Valerie Higgins (born May 26, 1998) is an American professional basketball player. She was drafted 25th overall in the third round of the 2021 WNBA Draft by the New York Liberty of the Women's National Basketball Association.

Higgins grew up in West Hills, California, where she attended Chaminade College Prep. She was named to the Naismith High School All-America Watch List and was named a Jordan Brand Classic All-American. She participated in USA Basketball's U18 National Team Trials in 2016 and was named to the team for the 2016 FIBA Americas U18 Championship in Chile. 

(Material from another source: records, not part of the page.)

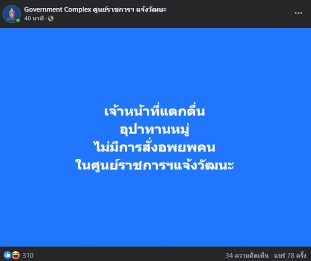 วันที่ 2 เม.ย.2568 แฟนเพจเฟซบุ๊กชื่อ "Government Complex ศูนย์ราชการฯ แจ้งวัฒนะ" ซึ่งเป็นเฟซบุ๊กของศูนย์ราชการฯ ได้โพสต์ข้อความระบุว่า "เจ้าหน้าที่แตกตื่น อุปาทานหมู่ ไม่มีการสั่งอพยพคน ในศูนย์ราชการฯแจ้งวัฒนะ"
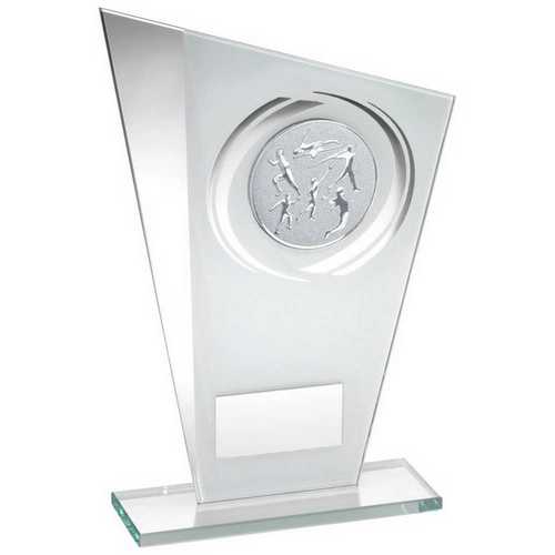 White|silver Printed Glass Plaque With Multi Athletics Insert And Plate - 6.5in
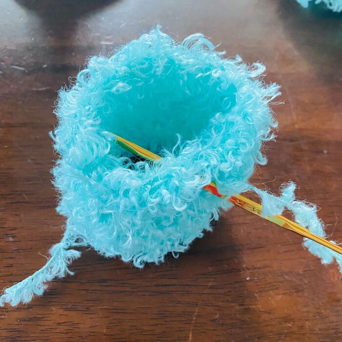 編み目の始めと編み目の終わりを輪っかになるように合わせ編みをします。
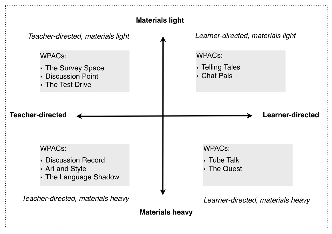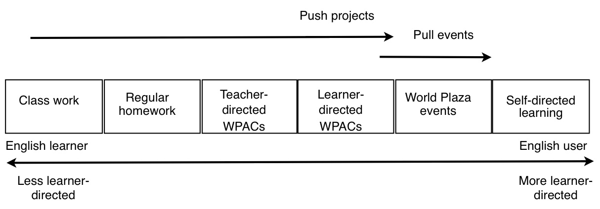 One way we thought about push activities was in terms of how teacher-directed or learner-directed they were. For example, when a WPAC was an interview, if the teacher decided the topic and all of the questions and the learners only chose their partners, then this WPAC was relatively teacher-directed. On the other hand, if the learners could decide the topic and write their own interview questions, then this WPAC was more learner-directed. The distinction is important because making WPACs more learner-directed over the semester and year led learners to take more control over their own learning and develop greater autonomy.
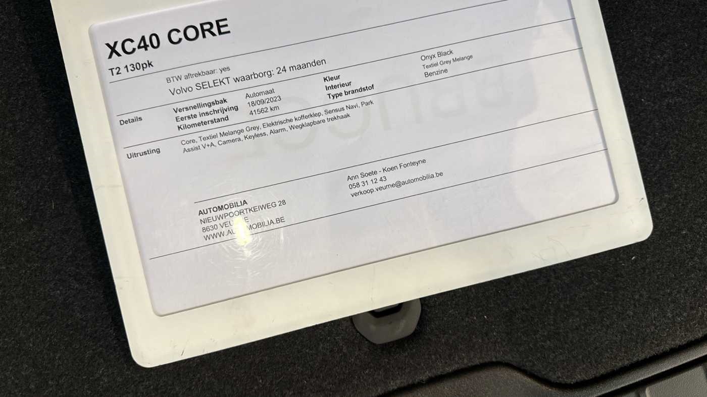Core T2 Aut | Elektrische kofferklep | Trekhaak | Getinte ramenSystème d’alarme Volvo Guard, Vitres arrière surteintées, Support d'extincteur, Crochet d’attelage rétractable à commande semi-automatique. avec prise à 13 broches (système Trailer Stability Assist compris)Revêtement Charcoal du ciel de toit Décor Urban Grid Aluminium Sellerie en tissu premium Volant sport gainé de simili-cuir Drive M ...
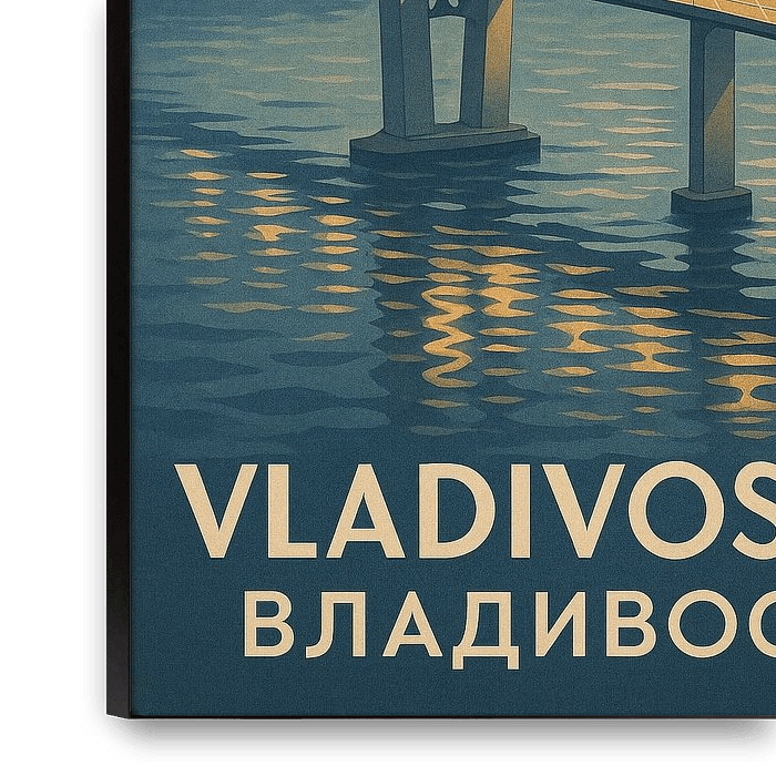 Experience the maritime grandeur of Russia’s Pacific capital with this stunning travel poster of Vladivostok. The artwork showcases the magnificent Zolotoy Rog (Golden Horn) Bridge, its massive V-shaped pylons and cables spanning the bay in a display of modern engineering. The bridge is illuminated against a moonlit night sky, casting…
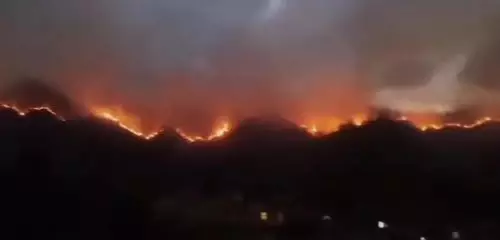 據當地網友報料,昨天(6月10日)晚19時起,位於攀枝花仁和城區附近的山頂發生明火燃燒。當晚21時許,山頂火線逐漸明顯。現場視頻顯示,山頂火線蜿蜒並連成一線。
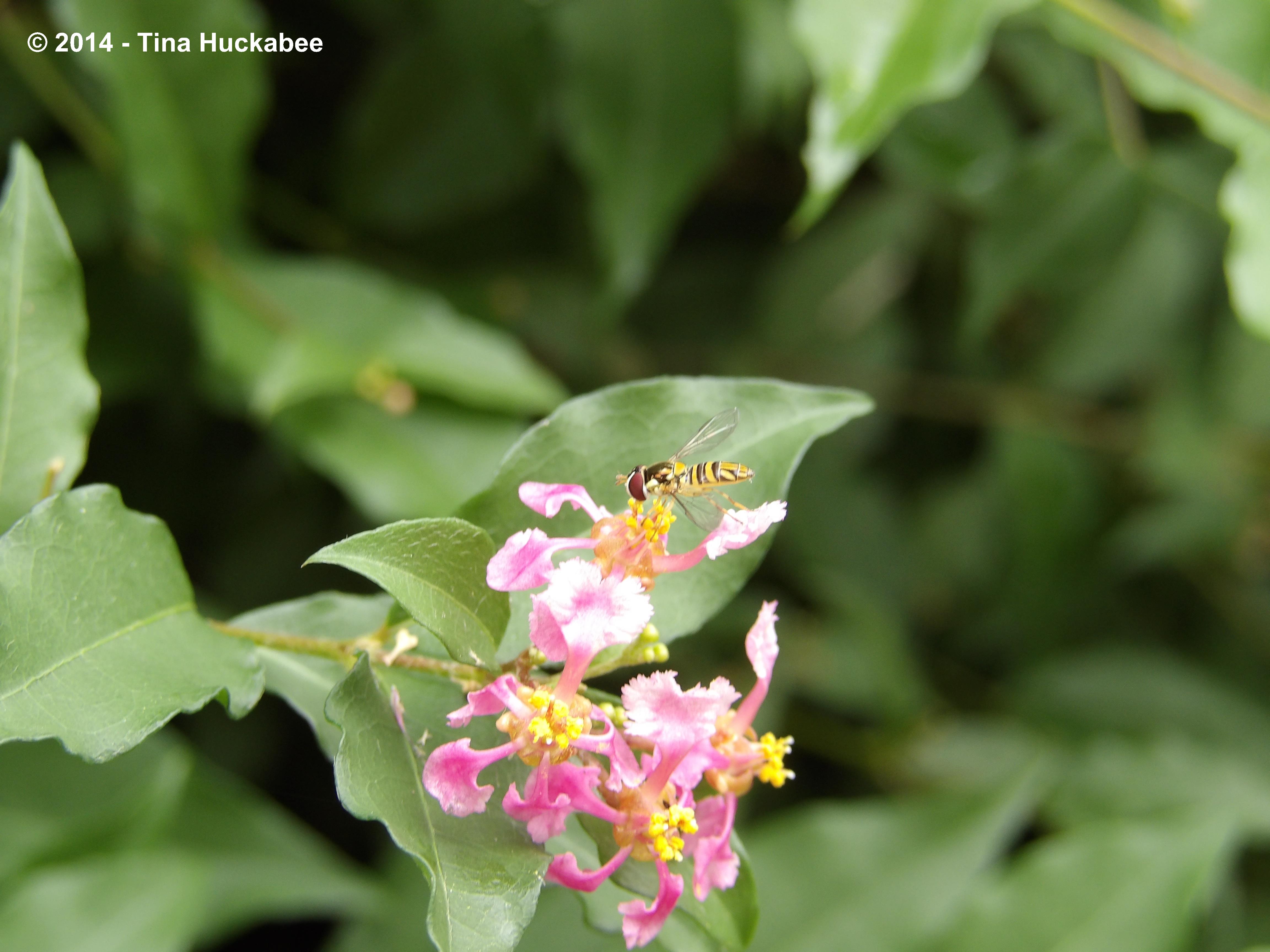 This little “flower fly” is a beneficial garden resident as it sips nectar in its adult stage and controls aphids in its larval stage, as a little green worm. Beautiful to look at and valuable for gardens,

Higgins started her college career at the University of Southern California. She played one season with the Trojans, starting 15 of the 29 games she appeared in. she averaged 4.4 points, 2.4 rebounds, 1.7 assists and 1.6 steals at USC.

Higgins transferred to the University of the Pacific after her freshman year. After sitting out one year, she played two at Pacific. She totaled 1,375 points, 744 rebounds, and 278 steals and became the first Pacific player ever chosen in the WNBA Draft.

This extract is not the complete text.